The committee has been investigating a change from the requirement of full face shields to three-quarter visors. According to its own survey, 83 percent of current college hockey players would prefer the change, and almost all of the coaches.

But the committee has decided to hold off on formally requesting the change during this season. Any request would have to be approved by the NCAA Committee on Competitive Safeguards. The ice hockey committee plans to continue working with Competitive Safeguards to collect data and assess the situation over the next two years.

The coaches generally believe that switching to three-quarter visors would reduce the chance for serious injury by improving peripheral vision and eliminating the aura of invincibility, which they believe creates more reckless play.

The committee and coaches also believe that technology has improved to the point where three-quarter visors are a good replacement. The committee also plans to work on other equipment issues in conjunction with the visor issue to help reduce serious head injuries, such as requiring softer padding on equipment.

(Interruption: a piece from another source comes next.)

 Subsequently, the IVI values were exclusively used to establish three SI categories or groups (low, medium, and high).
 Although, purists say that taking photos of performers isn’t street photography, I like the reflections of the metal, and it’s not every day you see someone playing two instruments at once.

The rules committee has plans to meet with the Competitive Safeguards committee next week to review the data that's been collected and work on what to do going forward.

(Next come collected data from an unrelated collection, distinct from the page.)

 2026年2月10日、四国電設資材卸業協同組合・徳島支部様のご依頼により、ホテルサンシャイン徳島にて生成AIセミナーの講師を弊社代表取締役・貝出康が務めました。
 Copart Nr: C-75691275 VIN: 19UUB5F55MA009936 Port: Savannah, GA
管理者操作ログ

According to an NCAA News article, "The committee hopes that a partnership with the competitive-safeguards committee and other hockey organizations (for example, National Hockey League, USA Hockey, United States Hockey League) will lead to the use of visors.

"Committee members understand the challenge of explaining how removing a piece of protective equipment may have a positive impact on student-athlete safety."

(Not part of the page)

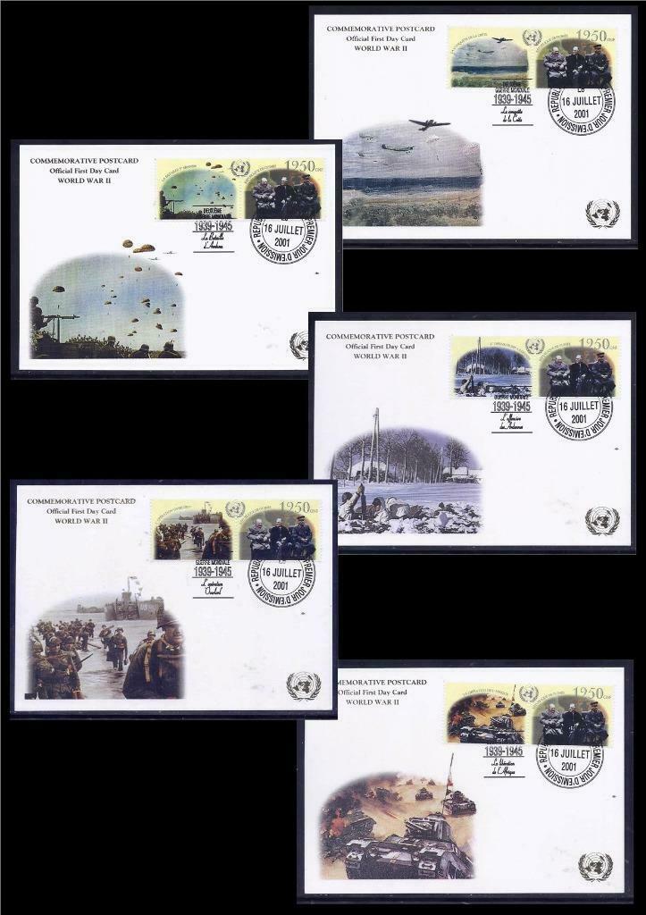 GUINEA STAMPS 2001 UN WWII WW2 WAR SET OF 5 MAXIMUM CARD GOLD PRINTING VF

Full cages were implemented in 1978 as a way to protect eyes and other serious facial injuries. It was not originally meant to protect against concussions, which weren't as prevalent at the time. The committee believes that three-quarter visors can continue to protect the face from most injuries, while also addressing the concussion issue.

Other changes

Meanwhile, the committee submitted a series of other changes for approval. The Playing Rules Oversight Panel will meet next month in order to give final approval on these, but it's largely considered a rubber stamp.

* The biggest change will be moving towards the NHL rule on net dislodgement. College hockey has been strict about disallowing goals if the net becomes dislodged at all before the puck goes in. Now, like in the NHL, if the posts remain in contact with the pegs or pins, the referee can allow the goal if it's determined the puck would have entered the net anyway between the normal position of the goal posts. This is only true if it's the defensive player that dislodged the net; if an offensive player did it, the goal will be disallowed.

* Again, moving towards the NHL interpretation, goals will be allowed off the skate as long as there's not a "distinct kicking motion." The rules committee has become more and more lenient in recent years, attempting a variety of different interpretations. This finally gets it in line with where the NHL currently stands.

* Without consensus on where to go with the overtimes, the committee recommended that the option be given for non-league games to play 4-on-4 for 5 minutes. If teams can't agree, the fallback will remain the usual 5-on-5 for 5 minutes.

* Going back to the original rule, and away from what the NHL is doing, college hockey will again make hand passes illegal in all zones. And, as with the icing rule, the team called for the hand pass will not be allowed to change its players before the ensuing defensive-zone faceoff.

* Beginning in 2013-14, a two-referee, two-linesman system will be mandatory in men's ice hockey. Additionally, goal judges are no longer required for NCAA games and will only be recommended.

* The committee voted to allow a postgame review of disqualification penalties by the on-ice officials. The conferences will be consulted on how best to implement a procedure. With plenty of video evidence available to officials these days, it was only natural that postgame reviews should be allowed.

* Michigan State coach Tom Anastos has been named the new chair of the committee, effective Sept. 1. This is not a trivial move, given Anastos' administrative experience, which will come of great use as the committee continues to work with the NCAA on the visors issue.